# A/V options, limited space, specific need



## mike3770 (Oct 25, 2013)

OK, so 3 years ago I purchased my Yamaha RX-V2065 which I assumed would be able to output the HDMI In signal to multiple zones - HA silly me!!!:crying: I've been living with it (though not happy about it) until now. So my current components are:

Yamaha RX-V2065 (ho-hum buyers remorse):scratch:
Home Built PC with Blueray Reader/Writer
Kyocera Turntable (an absolute classic that still sounds awesome, circa 1990)
Directv DVR
Adcom 6 speaker selector
Atlantic Technology speakers (LOVE THEM though the receiver doesn't do them justice I know)
Other miscellaneous zone speakers outside that I can't play loud enough to remember who makes them

What I want::help:
A new A/V receiver or Separates that can:
1. Take the HDMI inputs and output any component to at least two zones. 
2. Phono input (these seem to be a dying breed.:rolleyesno: I'm OK with a separate phono pre-amp if needed, just not as clean and man I've already got lot of wires.
3. At least one HDMI output (2 would be nice but 1 will work)
4. Apple Air Play seems to be a really cool option, so that's a must.
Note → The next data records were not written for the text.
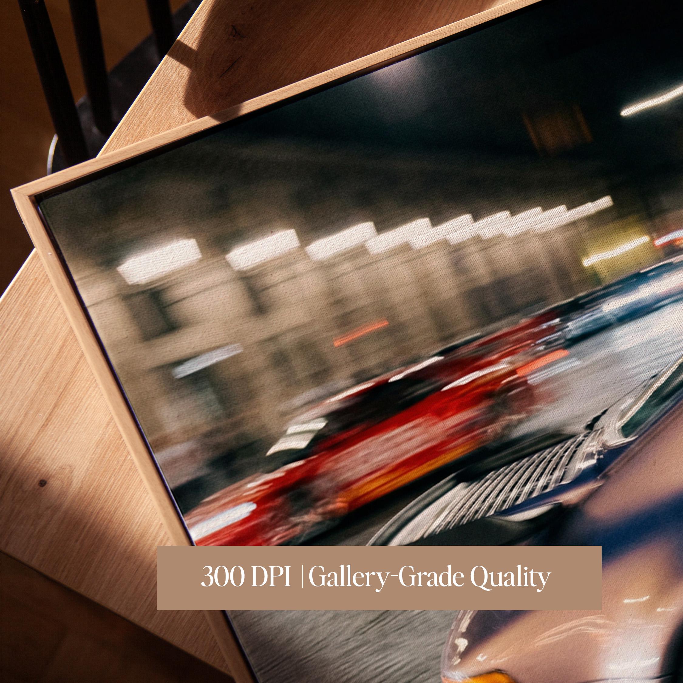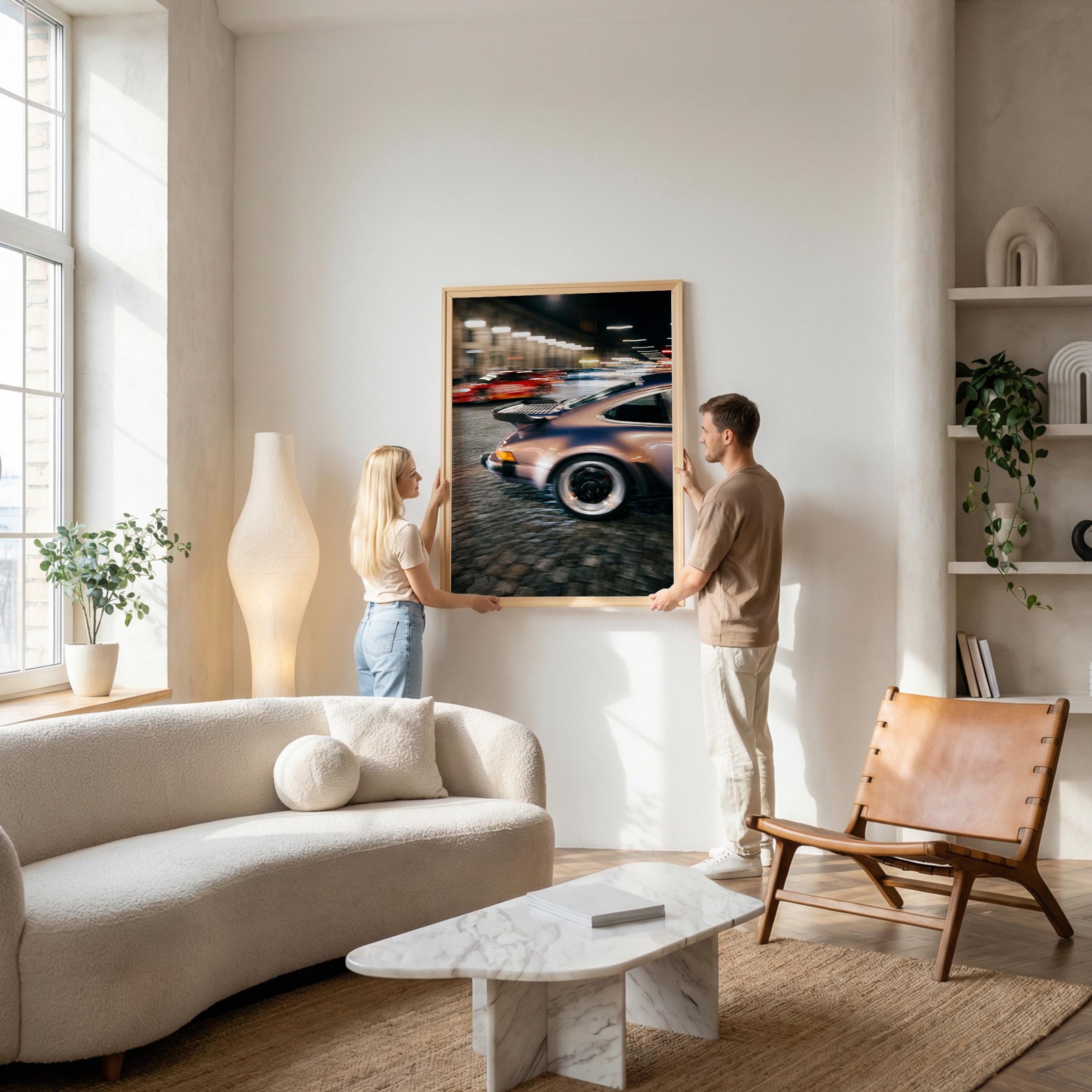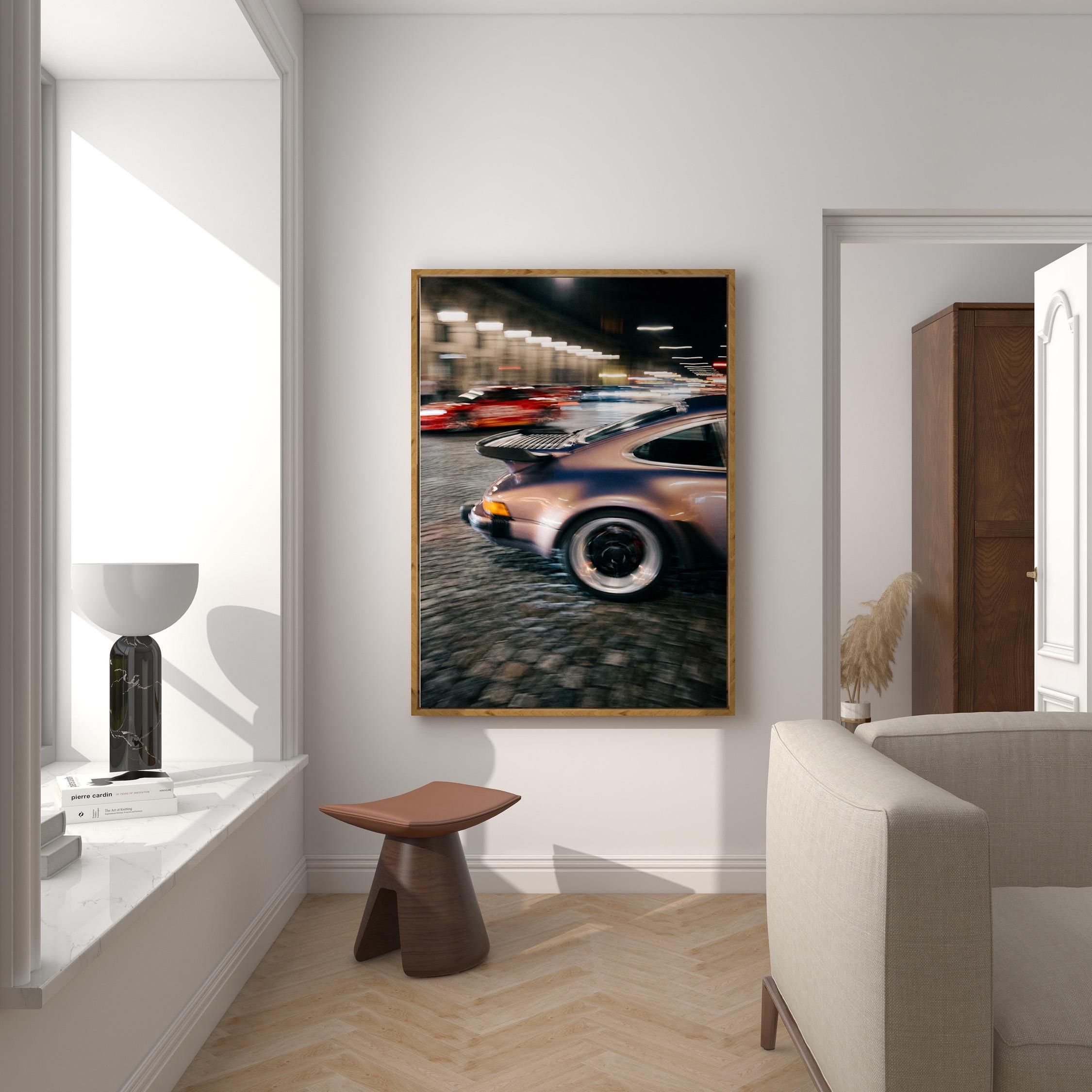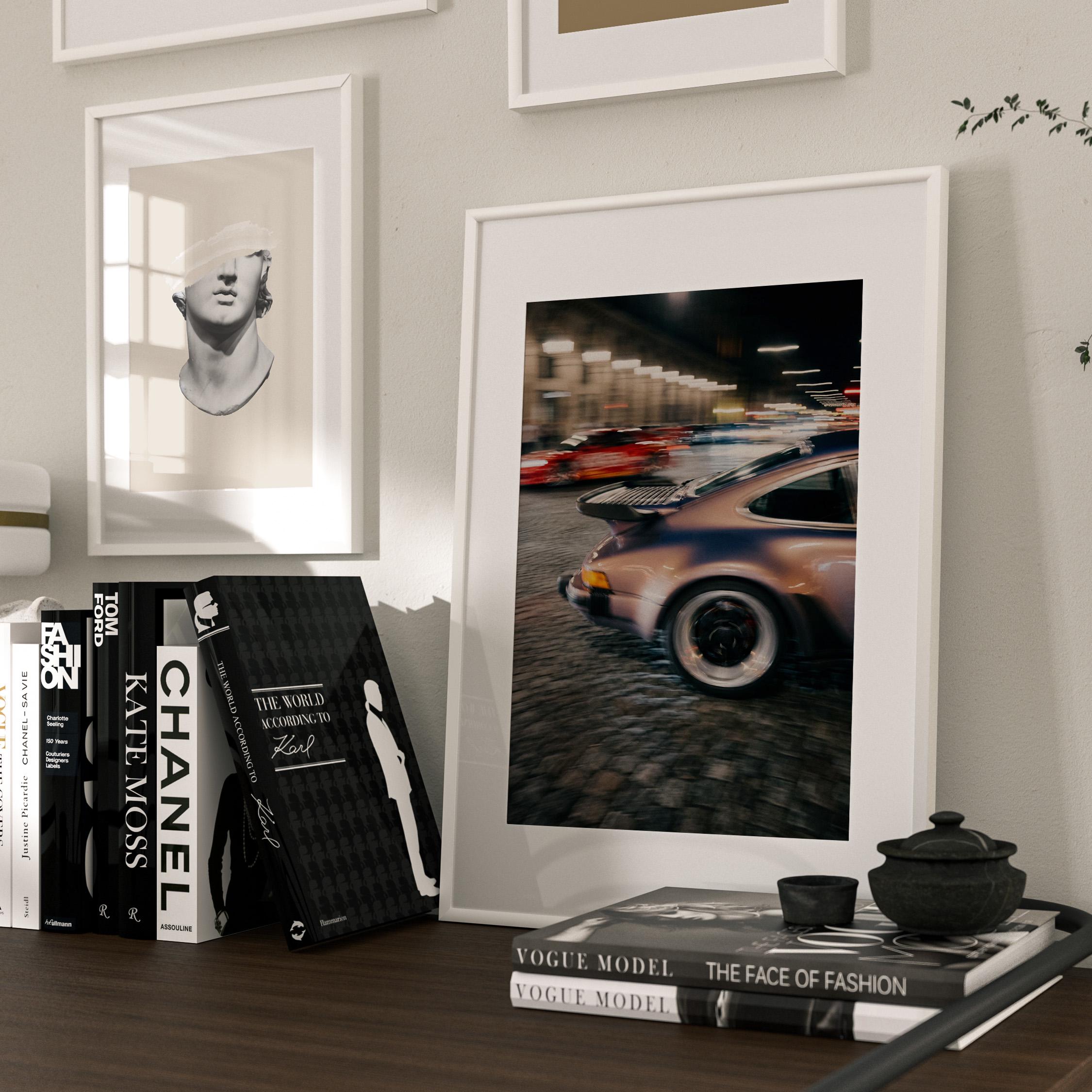 Porsche 911 Turbo wall art print captured at night with strong motion blur and city lights. Fits well in an office, garage, or modern interior with a darker aesthetic. It brings speed, contrast and a refined vintage feel to the space.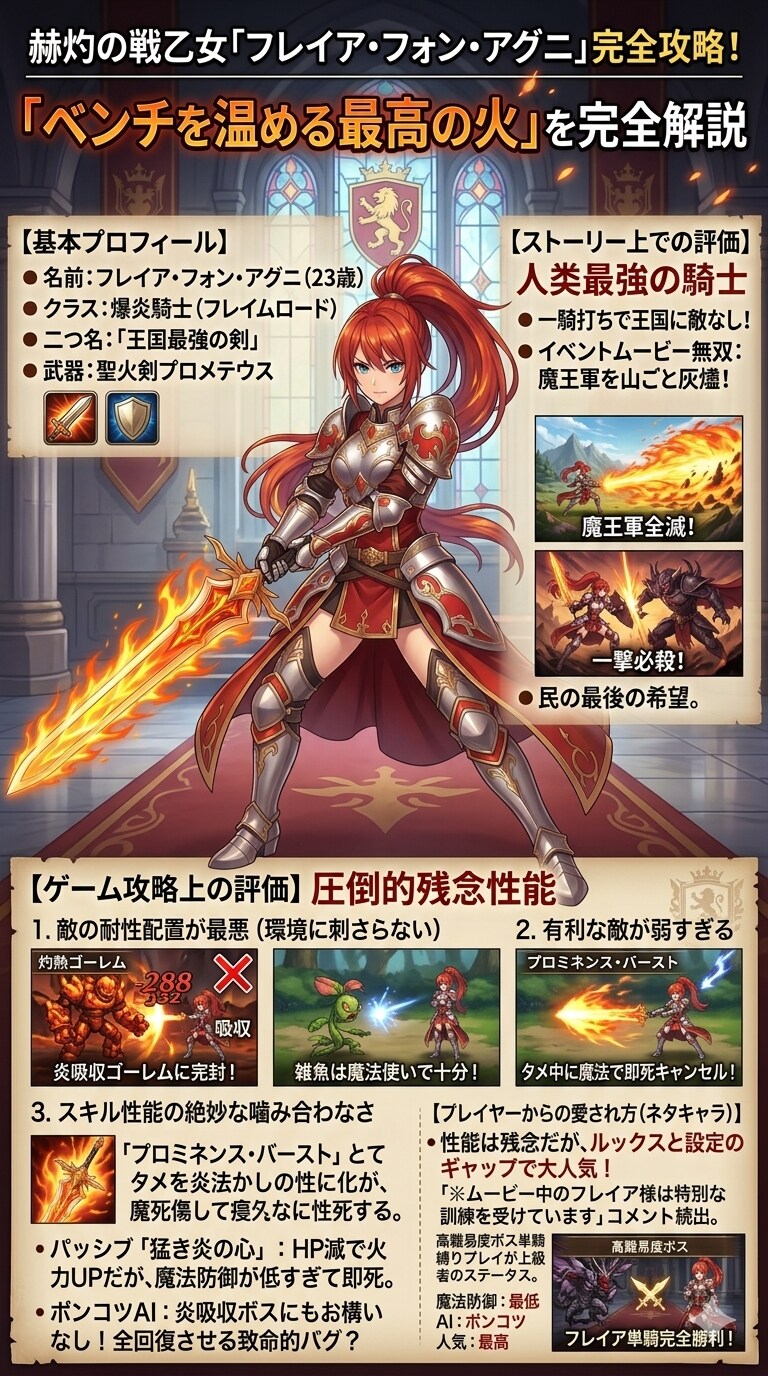 パッシブスキル「猛き炎の心」: 自身のHPが減るほど攻撃力が上がりますが、彼女の防具は「魔法防御」が極端に低いため、魔法攻撃を受けると火力を出す前に即死します。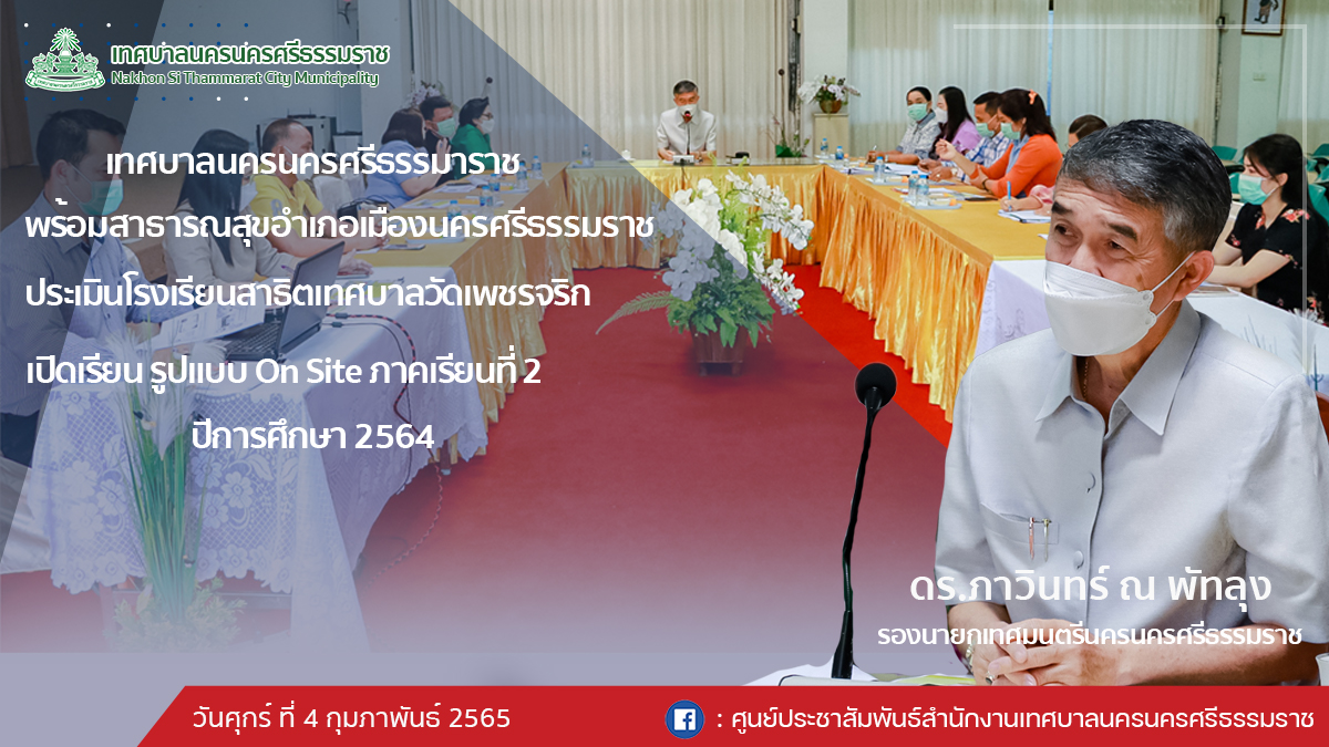วันศุกร์ที่ 4 กุมภาพันธ์ พ.ศ. 2565 ตั้งแต่เวลา 08.30 น. นายภาวินทร์ ณ พัทลุง รองนายกเทศมนตรีนครนครศรีธรรมราช  พร้อมด้วยคณะผู้บริหารสถานศึกษา  ลงพื้นที่ การประเมินสถานศึกษาเพื่อเปิดเรียน รูปแบบ On Site ภาคเรียนที่ 2 ปีการศึกษา 2564 ของสถานศึกษาในสังกัดเทศบาลนครนครศรีธรรมราช  ร่วมกับ นายวินัย วาหลวง สาธารณสุขอำเภอเมืองนครศรีธรรมราช และคณะ ลงพื้นที่ประเมิน โรงเรียนสาธิตเทศบาลวัดเพชรจริก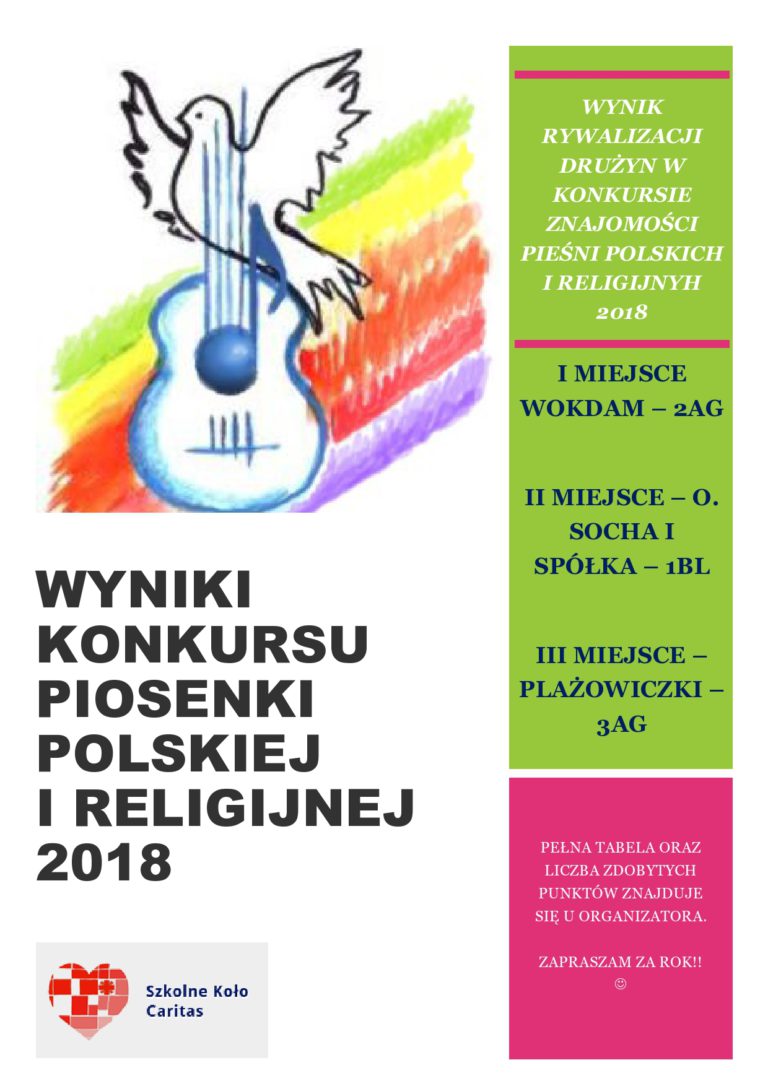 Przedstawiamy wyniki konkursu znajomości pieśni polskiej i religijnej 2018, który odbył się 30 maja 2018r i został zorganizowany przez Szkolne Koło Caritas W konkursie brało udział 6 zespołów. I MIEJSCE – 2G II MIEJSCE – 1BL III MIEJSCE – 3AG…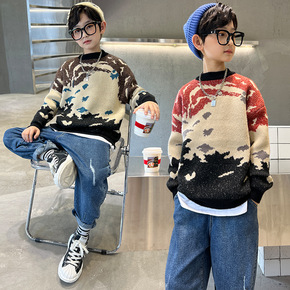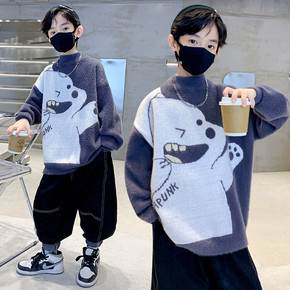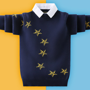 大童毛衣男童加厚纯棉衫8-15岁儿童装针织衫套头衫...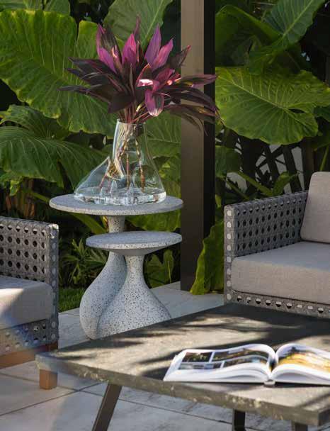 queimado. Já a divisória, revestida com ladrilho hidráulico Savona 60x60 cm, vai além da separação visual. Posicionada atrás da bancada e do forno de pizza, ela também atua como plano de fundo decorativo. Os ladrilhos hidráulicos, com padrões geométricos e florais em tons neutros, conversam com a rusticidade da madeira, o concreto da bancada e a estrutura de tijolos e telhas. Na varanda foi usada uma paleta de cores quentes e orgânicas. A cor marrom queimado do revestimento Iron 60x120 cm se aproxima do Aço Corten e harmoniza com o piso escuro em Madeira Slot Castanheira 20x100 cm, que reproduz a textura e a aparência da madeira natural. No coração do projeto, o lago artificial se destaca como ponto de contemplação e conexão com o entorno. Ele atua como espelho d’água que reflete a paisagem e a arquitetura, reforçando a harmonia entre o natural e o construído. Em seu entorno, os espaços convidam à permanência e ao descanso.

Last comment. I know I can break the bank, not my intent. Would prefer to stay at or around $1000 if possible. Looking forward to anyone's advice as I'm tired of Google Searching.:coocoo:

Thank you!


----------



## Peter Loeser (Aug 11, 2012)

I think the Denon AVR-X4000 meets your needs.


----------



## Andre (Feb 15, 2010)

Denon 3313

http://www.accessories4less.com/mak...working-Receiver-w/AirPlay-3D-4K-Ready/1.html

Zone 2 HDMI output independent to zone 1 and has Airplay and a phono input


----------